**Directions for this task**
Please repeat the whole listing exactly, but leave the pictures out.

**Records provided**
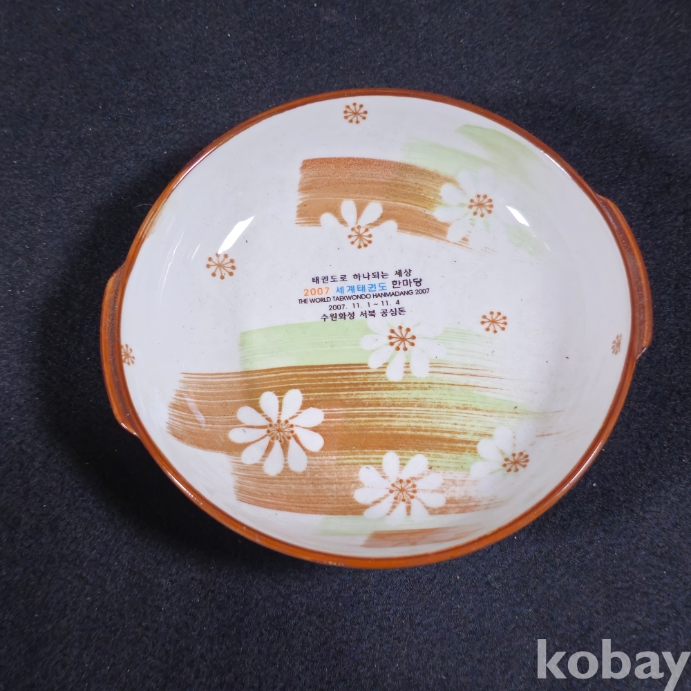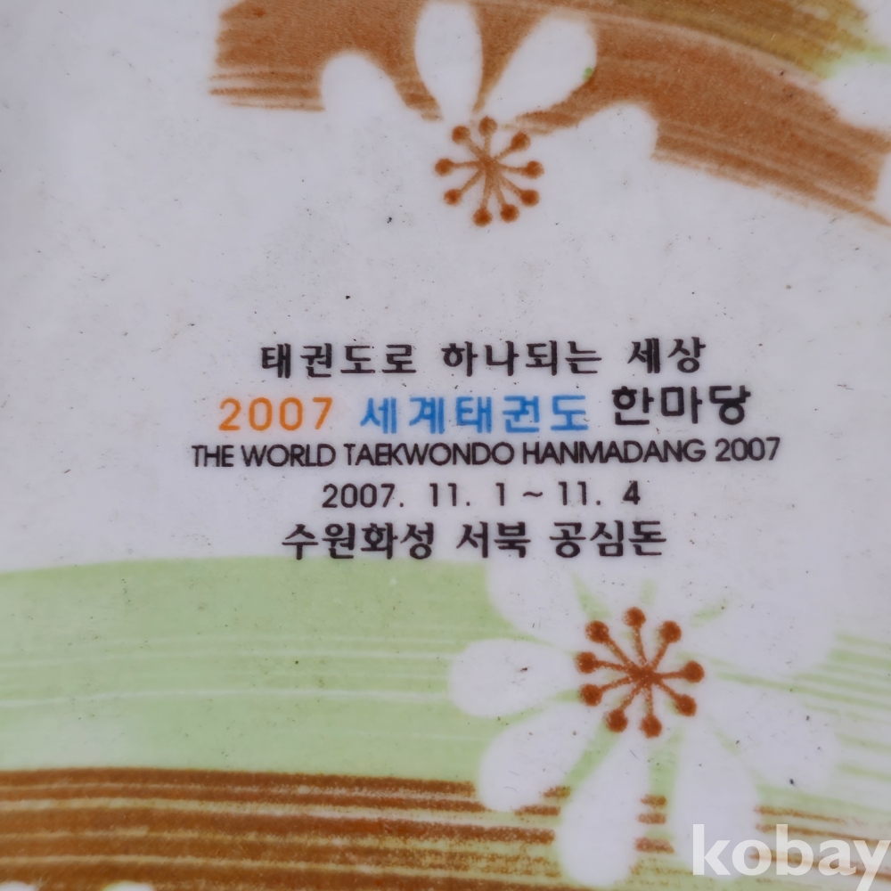(((근현대사자료/태권도자료))) 태권도로 하나되는세상 - 2007 세계태권도 한마당 기념 도자기 접시 (수원 화성 서북 공심돈)
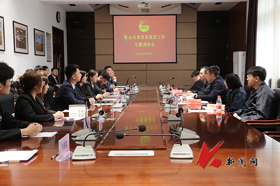 4月13日,团鞍山市委书记钟晓川等一行五人来到时博足球_时博(中国)就学校共青团工作开展专题调研。校党委副书记孙晓华亲切会见钟晓川一行。
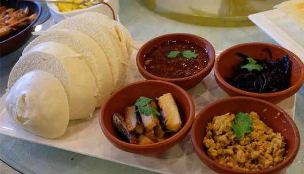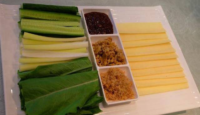 山東煎餅,本來很粗糙的山東煎餅這麼一擺還挺精致的,不過還是少瞭山東人的豪爽。我記我在山東吃煎餅那都是一張大大的煎餅,沒這麼秀氣的哦。不過如果上大煎餅的話,其它的菜也都可以不用吃瞭,一張煎餅就能吃飽瞭。
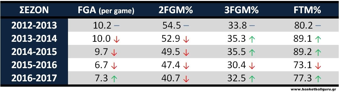 Τελικά, αυτό δε συνέβη ποτέ. Αφενός γιατί οι τραυματισμοί στην μέση είναι ύπουλοι κι επηρεάζουν σημαντικά τους αθλητές, αφετέρου διότι "ξεπετάχτηκε" ίσως περισσότερο από το αναμενόμενο ο Λούκα Ντόντσιτς, ο οποίος παρότι είναι μόνο 18 ετών, ήδη έχει πάρει επ' ώμου αρκετές σημαντικές αρμοδιότητες για την λειτουργία του ισπανικού υπερωκεάνιου. Ο Ρούντι έχει χάσει τη σβελτάδα του, είναι πιο σοφτ κι όχι τόσο φρέσκος. Το ντεπόζιτο αδειάζει. Όχι μόνο επειδή τα χρόνια περνάνε και πλέον βαδίζει στα 32, αλλά κι επειδή εμφανίζονται «κατάλοιπα» από τους συχνούς τραυματισμούς. Στον παρακάτω πίνακα βλέπουμε πως οι 10 προσπάθειες ανά αγώνα που κάποτε αποτελούσαν προσωπική του «ταρίφα», έχουν μετατραπεί σε ένα οικονομικότατο 7ρακι, ενώ τα ποσοστά ευστοχίας παρουσιάζουν επίσης πτώση. Μπορούμε να διχοτομήσουμε την πενταετία του ως εξής: οι πρώτες τρεις σεζόν συνοψίζονται ως οι… glory days του Ρούντι - με ισάριθμα Final Four κι αποκορύφωμα την κατάκτηση της EL το 2015 - κι οι επόμενες δύο ως η έναρξη της απομυθοποίησης. Για ρίξτε μια ματιά.
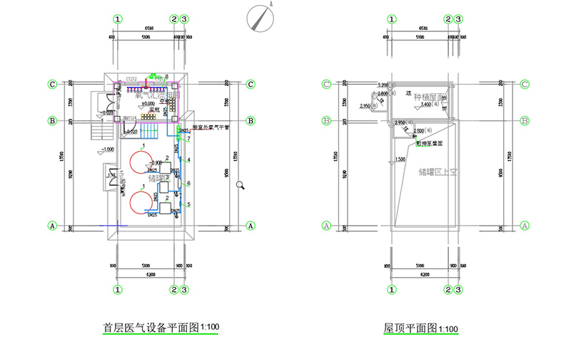 氧氣、笑氣匯流排間的電氣設(shè)備(燈、開關(guān)、排風(fēng)扇等)應(yīng)采用防爆型的;室內(nèi)、室外地面若有高差,應(yīng)有斜坡過度,以便氣瓶的運輸。
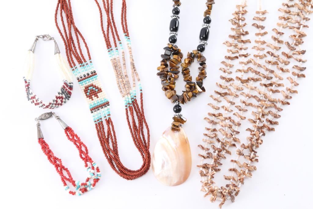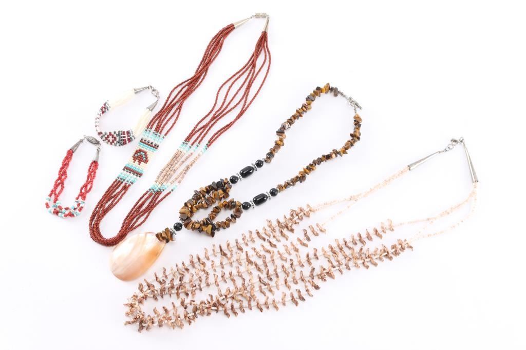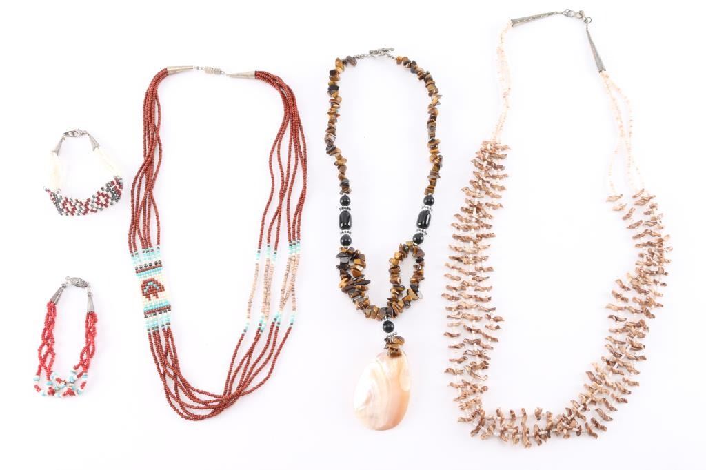 3 Strand Natural Brown Stone Heishi Necklace Measuring 14 1/2" From Drop; Tiger's Eye Nuggets And Shell Necklace Measuring 12" From Drop; Rust And Other Color 6 Strand Seed Bead Necklace Measuring 11 1/2" From Drop; 2 Seed Bead Bracelets.
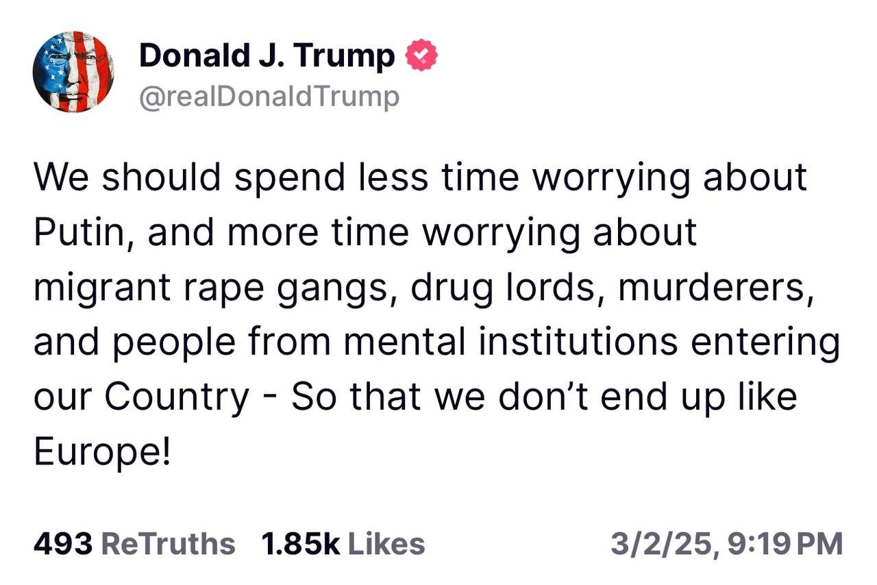 V lednu 2025 se stal prezidentem USA Donald Trump a zahájil vlastní Perestrojku, tažení proti deep state, proces očisty americké společnosti od skrytých finančních a mocenských struktur. To vyvolalo nadšená očekávání velké části obyvatelstva a zděšení dosavadního amerického establishmentu. Proces znamená nejen ohrožení jeho mocenských pozic, ale i abruptní přehodnocení dosavadního nepřítele na přítele a spojení s ním. (Disput)
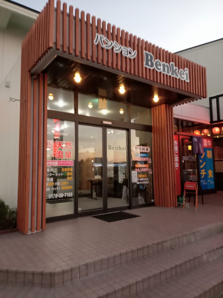 予定通り八戸港には18:00に着きました。まずは、宿泊先へ。今回お世話になるのは、八戸港から10分くらいで行くことができたパンション弁慶。居酒屋が併設しているところで、部屋は小さいですが綺麗な印象。アニメティ類はなく、持っていない場合は有料となります。朝食だけ付けましたが、地元の魚などが出てきておいしかったです。
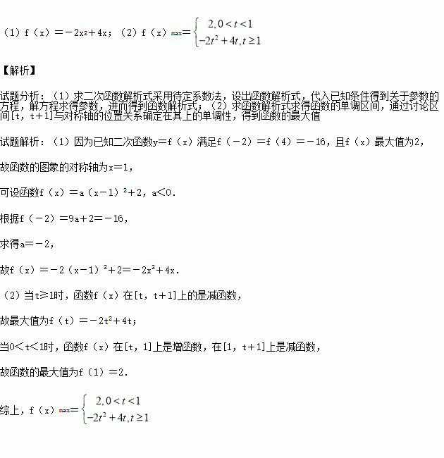 已知二次函数y=f(x)满足f(-2)=f(4)=-16,且f(x)最大值为2.
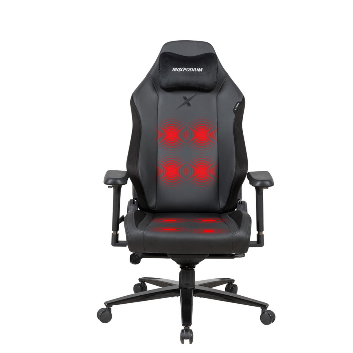 Ausgestattet mit einem integrierten Massagesystem mit acht Vibrationspunkten sorgt dieser Stuhl für gezielte Entspannung im Rücken- und Sitzbereich. Die Steuerung erfolgt über eine moderne Bedieneinheit mit verschiedenen Programmen zur Anpassung von Intensität, Dauer und Massagezonen.
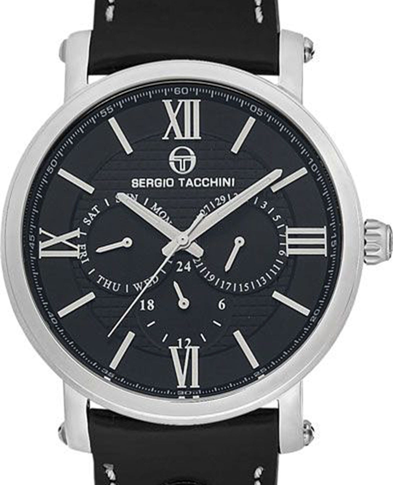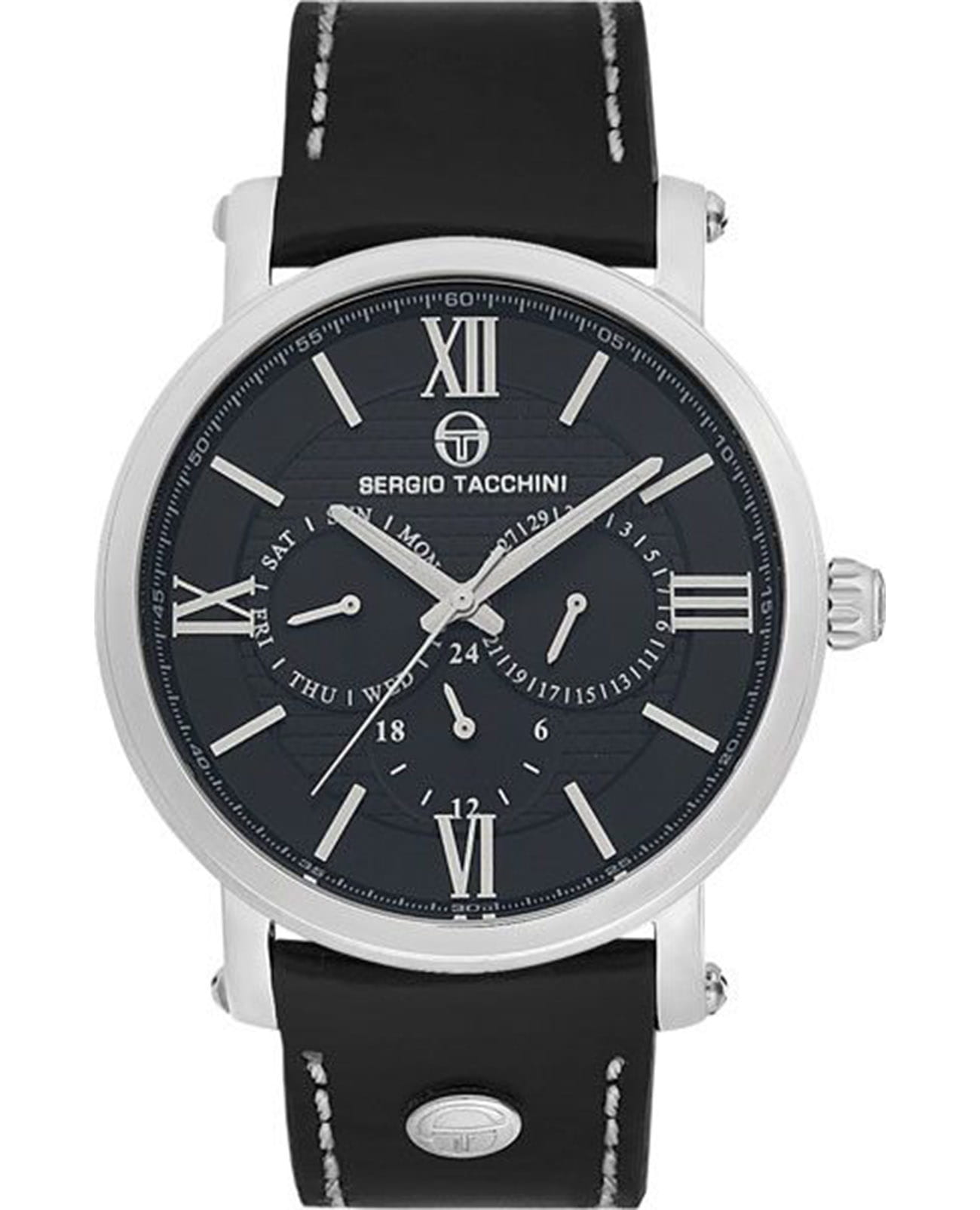 Мужские кварцевые часы Sergio Tacchini из коллекции City — это стильный аксессуар с классическими чертами для уверенного покорения городской жизни. Корпус диаметром 46 мм выполнен из нержавеющей стали 316L. Циферблат чёрного цвета оформлен индексами и стрелками. Указатели дня недели и даты вынесены на отдельные субциферблаты, также присутствует индикация 24-часового формата времени. Циферблат защищён минеральным стекломМинеральное стеклоМинеральное стекло представляет собой искусственно выращенный минерал кварца. Такое стекло отличается особой устойчивостью к повреждениям и царапинам. Уступает по некоторым качествам сапфировому стеклу. с антибликовым покрытиемАнтибликовое покрытиеСлой оксида металла в 0,13-0,3 микрон, благодаря которому стекло часов не бликует и не отражает свет. Антибликовое покрытие уменьшает отражение света в 10 раз, обеспечивая отличную читаемость показателей циферблата.. Механизм — японский кварцевый калибр Miyota 6P29. Часы оснащены кожаным ремешком чёрного цвета с стандартной. Водонепроницаемость 100 м позволяет использовать часы в повседневных условиях и для плавания. Идеальный выбор для тех, кто ценит функциональность и элегантный дизайн.
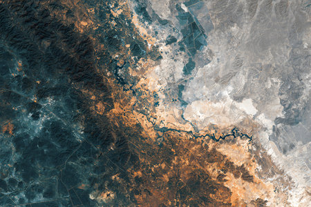 high-resolution satellite image of fault line, with surrounding landscape visible, created with generative ai
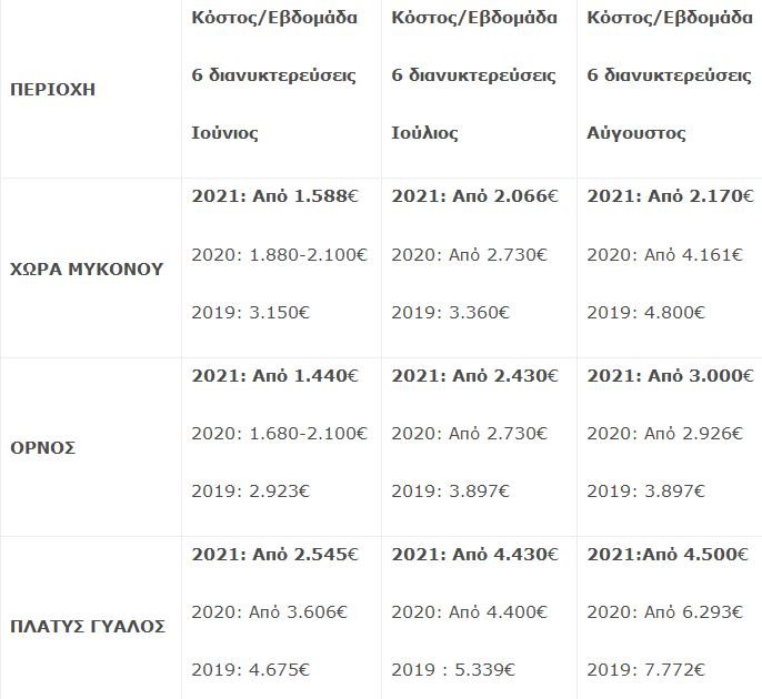 Για τη Μύκονο, σύμφωνα με το Πανελλαδικό Δίκτυο E–Real Estates, από την έρευνα που έγινε σε διεθνώς γνωστές ιστοσελίδες στην οποία έχουν εγγραφεί ακίνητα που διατίθενται μέσω βραχυχρόνιας μίσθωσης ή/ και με σήμα του ΕΟΤ, οι διαθέσιμες βίλες με ιδιωτική πισίνα τον μήνα Ιούνιο αγγίζουν τις 143, τον Ιούλιο 117 και τον Αύγουστο 124.

**Your response**
(((근현대사자료/태권도자료))) 태권도로 하나되는세상 - 2007 세계태권도 한마당 기념 도자기 접시 (수원 화성 서북 공심돈)
 4月13日,团鞍山市委书记钟晓川等一行五人来到时博足球_时博(中国)就学校共青团工作开展专题调研。校党委副书记孙晓华亲切会见钟晓川一行。
 山東煎餅,本來很粗糙的山東煎餅這麼一擺還挺精致的,不過還是少瞭山東人的豪爽。我記我在山東吃煎餅那都是一張大大的煎餅,沒這麼秀氣的哦。不過如果上大煎餅的話,其它的菜也都可以不用吃瞭,一張煎餅就能吃飽瞭。
 Τελικά, αυτό δε συνέβη ποτέ. Αφενός γιατί οι τραυματισμοί στην μέση είναι ύπουλοι κι επηρεάζουν σημαντικά τους αθλητές, αφετέρου διότι "ξεπετάχτηκε" ίσως περισσότερο από το αναμενόμενο ο Λούκα Ντόντσιτς, ο οποίος παρότι είναι μόνο 18 ετών, ήδη έχει πάρει επ' ώμου αρκετές σημαντικές αρμοδιότητες για την λειτουργία του ισπανικού υπερωκεάνιου. Ο Ρούντι έχει χάσει τη σβελτάδα του, είναι πιο σοφτ κι όχι τόσο φρέσκος. Το ντεπόζιτο αδειάζει. Όχι μόνο επειδή τα χρόνια περνάνε και πλέον βαδίζει στα 32, αλλά κι επειδή εμφανίζονται «κατάλοιπα» από τους συχνούς τραυματισμούς. Στον παρακάτω πίνακα βλέπουμε πως οι 10 προσπάθειες ανά αγώνα που κάποτε αποτελούσαν προσωπική του «ταρίφα», έχουν μετατραπεί σε ένα οικονομικότατο 7ρακι, ενώ τα ποσοστά ευστοχίας παρουσιάζουν επίσης πτώση. Μπορούμε να διχοτομήσουμε την πενταετία του ως εξής: οι πρώτες τρεις σεζόν συνοψίζονται ως οι… glory days του Ρούντι - με ισάριθμα Final Four κι αποκορύφωμα την κατάκτηση της EL το 2015 - κι οι επόμενες δύο ως η έναρξη της απομυθοποίησης. Για ρίξτε μια ματιά.
 氧氣、笑氣匯流排間的電氣設(shè)備(燈、開關(guān)、排風(fēng)扇等)應(yīng)采用防爆型的;室內(nèi)、室外地面若有高差,應(yīng)有斜坡過度,以便氣瓶的運輸。
 3 Strand Natural Brown Stone Heishi Necklace Measuring 14 1/2" From Drop; Tiger's Eye Nuggets And Shell Necklace Measuring 12" From Drop; Rust And Other Color 6 Strand Seed Bead Necklace Measuring 11 1/2" From Drop; 2 Seed Bead Bracelets.
 V lednu 2025 se stal prezidentem USA Donald Trump a zahájil vlastní Perestrojku, tažení proti deep state, proces očisty americké společnosti od skrytých finančních a mocenských struktur. To vyvolalo nadšená očekávání velké části obyvatelstva a zděšení dosavadního amerického establishmentu. Proces znamená nejen ohrožení jeho mocenských pozic, ale i abruptní přehodnocení dosavadního nepřítele na přítele a spojení s ním. (Disput)
 予定通り八戸港には18:00に着きました。まずは、宿泊先へ。今回お世話になるのは、八戸港から10分くらいで行くことができたパンション弁慶。居酒屋が併設しているところで、部屋は小さいですが綺麗な印象。アニメティ類はなく、持っていない場合は有料となります。朝食だけ付けましたが、地元の魚などが出てきておいしかったです。
 已知二次函数y=f(x)满足f(-2)=f(4)=-16,且f(x)最大值为2.
 Ausgestattet mit einem integrierten Massagesystem mit acht Vibrationspunkten sorgt dieser Stuhl für gezielte Entspannung im Rücken- und Sitzbereich. Die Steuerung erfolgt über eine moderne Bedieneinheit mit verschiedenen Programmen zur Anpassung von Intensität, Dauer und Massagezonen.
 Мужские кварцевые часы Sergio Tacchini из коллекции City — это стильный аксессуар с классическими чертами для уверенного покорения городской жизни. Корпус диаметром 46 мм выполнен из нержавеющей стали 316L. Циферблат чёрного цвета оформлен индексами и стрелками. Указатели дня недели и даты вынесены на отдельные субциферблаты, также присутствует индикация 24-часового формата времени. Циферблат защищён минеральным стекломМинеральное стеклоМинеральное стекло представляет собой искусственно выращенный минерал кварца. Такое стекло отличается особой устойчивостью к повреждениям и царапинам. Уступает по некоторым качествам сапфировому стеклу. с антибликовым покрытиемАнтибликовое покрытиеСлой оксида металла в 0,13-0,3 микрон, благодаря которому стекло часов не бликует и не отражает свет. Антибликовое покрытие уменьшает отражение света в 10 раз, обеспечивая отличную читаемость показателей циферблата.. Механизм — японский кварцевый калибр Miyota 6P29. Часы оснащены кожаным ремешком чёрного цвета с стандартной. Водонепроницаемость 100 м позволяет использовать часы в повседневных условиях и для плавания. Идеальный выбор для тех, кто ценит функциональность и элегантный дизайн.
 high-resolution satellite image of fault line, with surrounding landscape visible, created with generative ai
 Για τη Μύκονο, σύμφωνα με το Πανελλαδικό Δίκτυο E–Real Estates, από την έρευνα που έγινε σε διεθνώς γνωστές ιστοσελίδες στην οποία έχουν εγγραφεί ακίνητα που διατίθενται μέσω βραχυχρόνιας μίσθωσης ή/ και με σήμα του ΕΟΤ, οι διαθέσιμες βίλες με ιδιωτική πισίνα τον μήνα Ιούνιο αγγίζουν τις 143, τον Ιούλιο 117 και τον Αύγουστο 124.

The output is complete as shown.